With the window swung open, he hauled himself up and felt his left arm give slightly as he did so. But he had to focus on the task at hand or he would fail to gain entry to the house, so he ignored the pain in his arm and used sheer, brute, strength to haul himself into the lavatory as the window swung closed behind him.
Jericho collapsed to the floor and cradled his arm against his chest briefly before realizing that it had broken once again, likely aggravating the injury he originally sustained entering the window of Angelo’s flat in New Lincoln.
“I should have just knocked,” he muttered subvocally. That he had re-broken the arm was actually something of a surprise, since most long bones were more or less structurally sound after a couple weeks of healing time. But he knew he was far from a young man, and was actually grateful that his increasingly fragile body had withstood as much punishment as he had put it through recently.
After collecting himself, he removed the needle-launcher from his left and unslung the short, pistol-gripped shotgun from its holster across his back and attached it to the front of the bandolier so he could draw it more quickly. But he needed to remain undetected, or else he could kiss any chance of escape goodbye—and he had no intention of dying during this particular Adjustment—so he would need to depend largely on Sasaki’s tanto and the tranquilizers he had brought for the mission.

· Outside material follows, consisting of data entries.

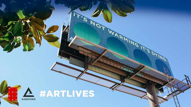 For the first installment of #ArtLives, RAREFORM and Lamar recruited world-renowned graphic artist Milton Glaser, known for the iconic “I heart NY” logo and Mad Men ads. Lamar installed Glaser’s “It’s Not Warming, It’s Dying” campaign to kick off the series. The billboard will be on display until the end of October, when it will be taken down and repurposed into 300 limited edition backpacks and accessories.
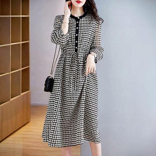 [헬리꽁땡](55~88)실키배색체크원피스 캐주얼원피스 쉬폰원피스 엄마옷 임산부가을원피스 가을원피스 간..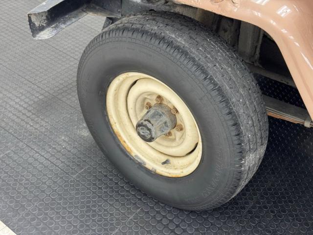 Not as rough as a stucco bathtub, but still replete with patina on the inside. Door panels have vinyl inserts and not much else, leading in to find bucket seats with vinyl and cloth in black and gray coverage under dirty seat covers, and the driver\'s seat is raised with a wood box.In back, gray vinyl benches face inwards, fun for kids and kids at heart, and they can wear dirty boots because the vinyl mat on the floor won\'t suffer from a little more wear. Behind the black plastic steering wheel is a dash that definitely looks ex military and a tachometer has been added to the column in front of a modest speedometer and other gauges. To the right, knobs with age to them take their place on the brown dash panel along with an AM/FM radio. The glovebox wears an engraved shifting diagram revealing the operation of the floor mounted sticks. There\'s vinyl flooring up here as well along with Toyota branded rubber mats. Pedals are wrapped in black electrical tape, we\'re guessing to keep the rubber pads on. A perforated headliner is still in place, weathered but mostly intact.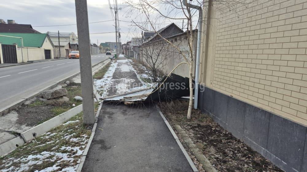 На улице Баба-Ата между улицами Бакаева и Куттубаева на тротуаре уже полгода лежит забор, сообщил горожанин. По его словам, он упал еще летом во время ветра, но его никто не убирает.

Jericho listened at the lavatory’s door and heard nothing, and then he tested the door’s handle and found it unlocked. He swung it open and it was thankfully quiet as it opened wide enough for him to pass through. He was in a short hallway which had a stairwell leading up to the second floor at the far end, and appeared to adjoin both a kitchen and a parlor.
He padded softly toward the parlor-side of the hall and kept his remaining needle-launcher aimed at the kitchen until verifying it was empty, after which he turned his focus toward the parlor. The first of the three guards was sitting in a chair beside a traditional fireplace, and he appeared to be reading some sort of e-zine on a data pad.
The light of the room would create no shadows, and the curtains on the windows would prevent anyone not intently looking inside from seeing him, so Jericho carefully moved behind the man before tapping him on the shoulder.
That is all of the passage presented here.